# Mac et téléviseur LOEWE



## Fleur Mathieu (5 Août 2009)

Bonjour
Je viens d'acheter un iMac. Paralèllement j'ai un téléviseur Loewe Connect qui permet normalement de consulter les photos, films et musiques sur mon iMac via une connection WI-FI. Tout a l'air correctement paramètré mais ça ne marche pas. Le Mac n'arrive pas à trouver la connexion. Qq'un a-t-il une idée?
Merci d'avance

Fleur


----------



## pickwick (5 Août 2009)

C'est pas bien clair !
Tu as une connexion Wifi de type airport pour aller sur internet avec ton imac ? elle marche ?
Est ce que ta box ou ton routeur sont paramétrés pour permettre un partage de la connexion internet ?
Ce n'est pas forcément le cas par défaut pour les Live Box d'Orange.
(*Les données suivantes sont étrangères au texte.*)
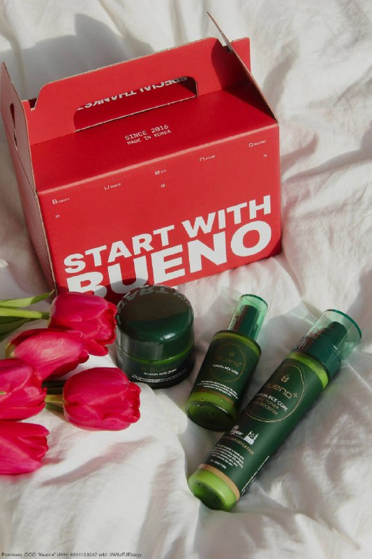 С брендом Bueno я познакомилась лет семь назад. И сразу у нас случилась любовь. А вообще, Bueno основан еще в 2016 году. В основе - эффективные формулы: пептиды, факторы роста, увлажняющие и восстана
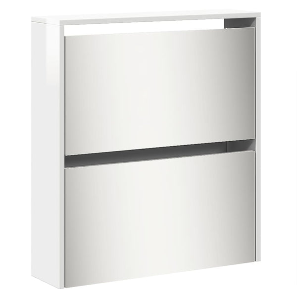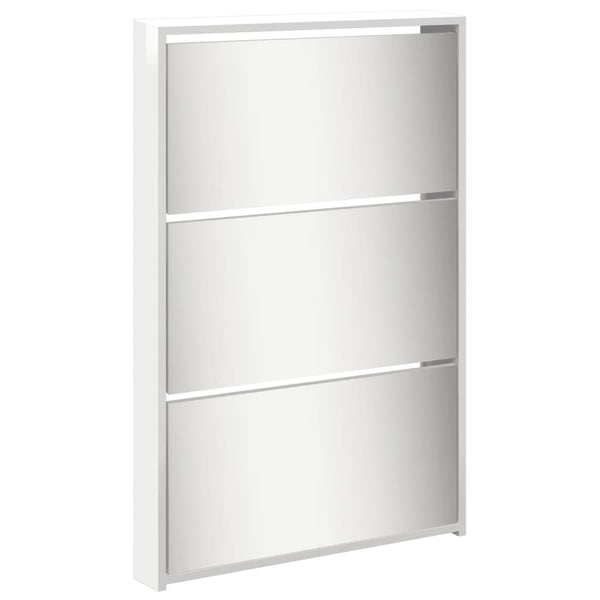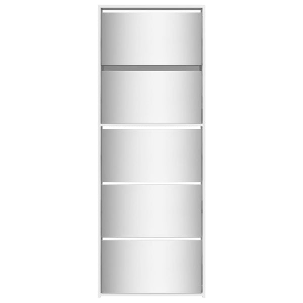 Korkeakiilto valk. kenkäkaappi peilillä 5 tasoa 63x17x169,5cm
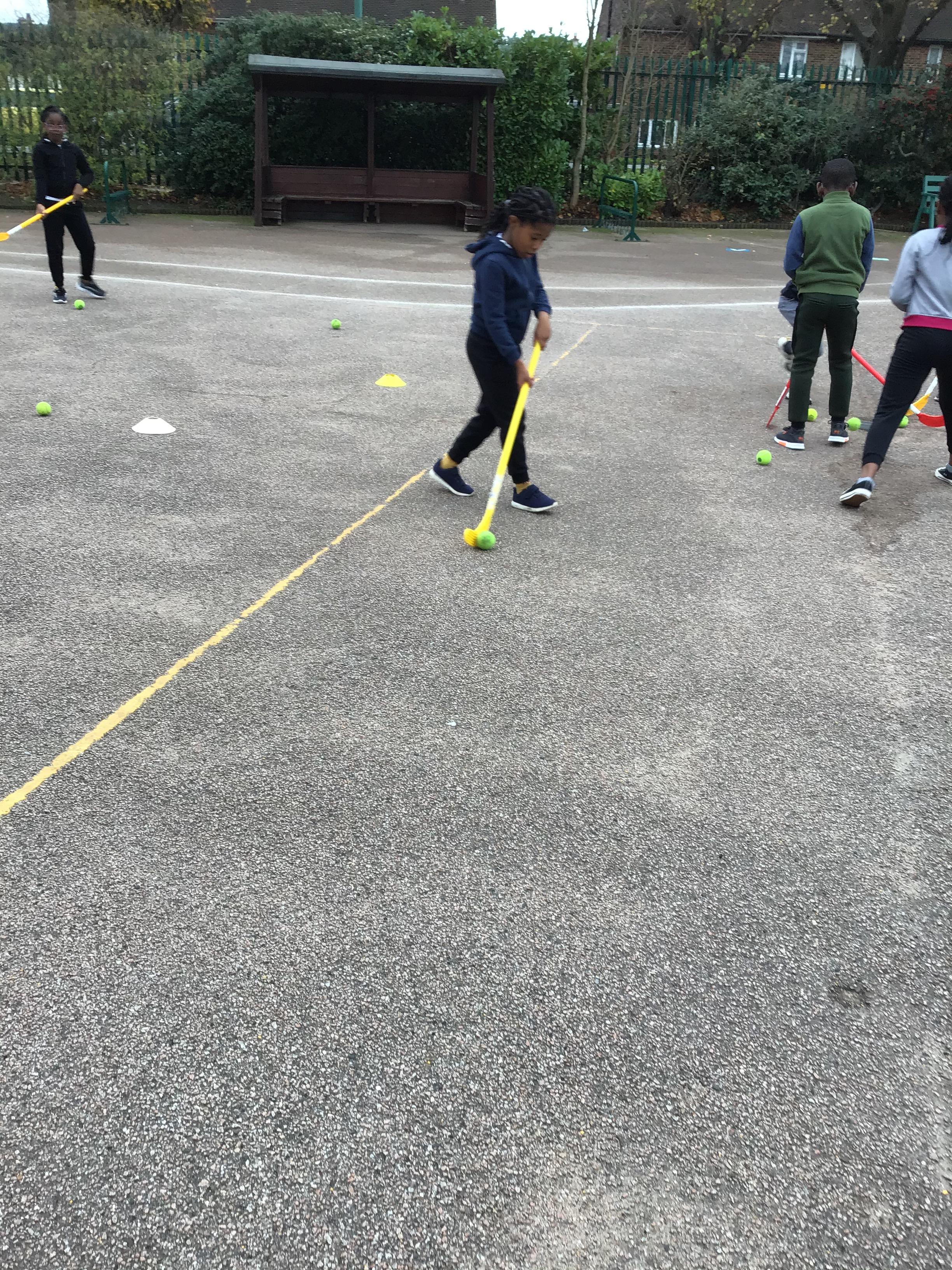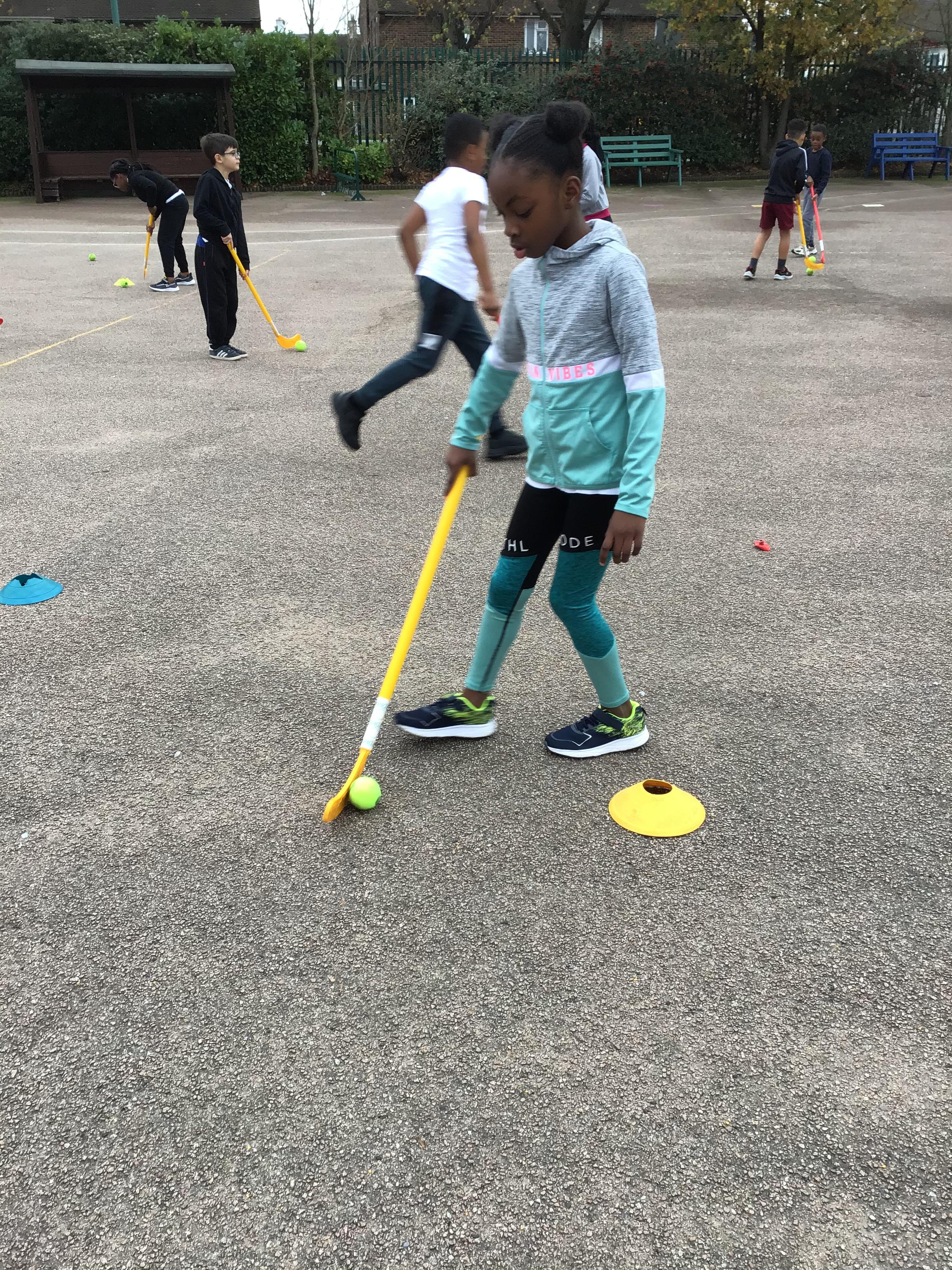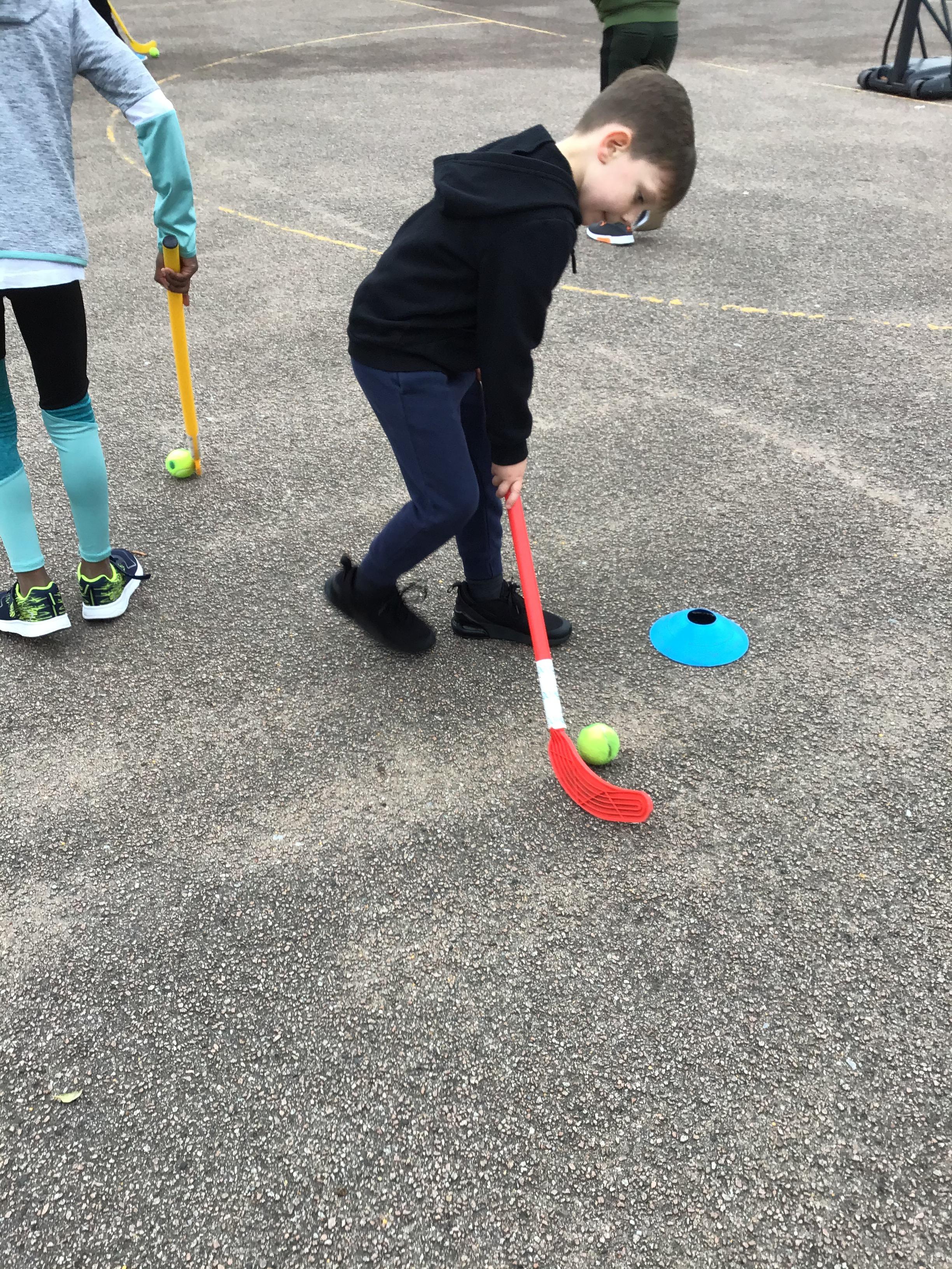 Over the last few weeks we have been learning the different skills to enable us to play a game of hockey. We have learned how to hold the stick, dribble the ball, look for space, how to tackle safely and how to pass the ball to another player. Today we used these skills to help us play a match.

Regarde de ce coté là et pour les solutions il y a plein de posts sur ce forum.


----------



## Kobalt_67 (19 Août 2009)

Bonjour,

Pour partager les fichiers multimédia depuis un Mac vers un Loewe Connect il faut utiliser un logiciel qui fera le partage en protocole UPnP AV (et non depuis les partages "habituels" soit dans iTunes soit dans le Panneau de Préférences). 
Pour Mac, le meilleur AMHA est Eyeconnect (de l'éditeur Elgato). Il s'intègre parfaitement pour récupérer tout seul la bibliothèque iTunes et iPhoto, il est stable et très simple. 
Plus d'info : http://www.elgato.com/elgato/int/mainmenu/products/software/EyeConnect.fr.html

@+


----------



## mabouka (5 Avril 2010)

je reponds surement trop tard ... 
mais j'ai testé 4 5 serveur upnp genre twonky avec mon loewe connect
et le mieux c'est "playback UPNP"


----------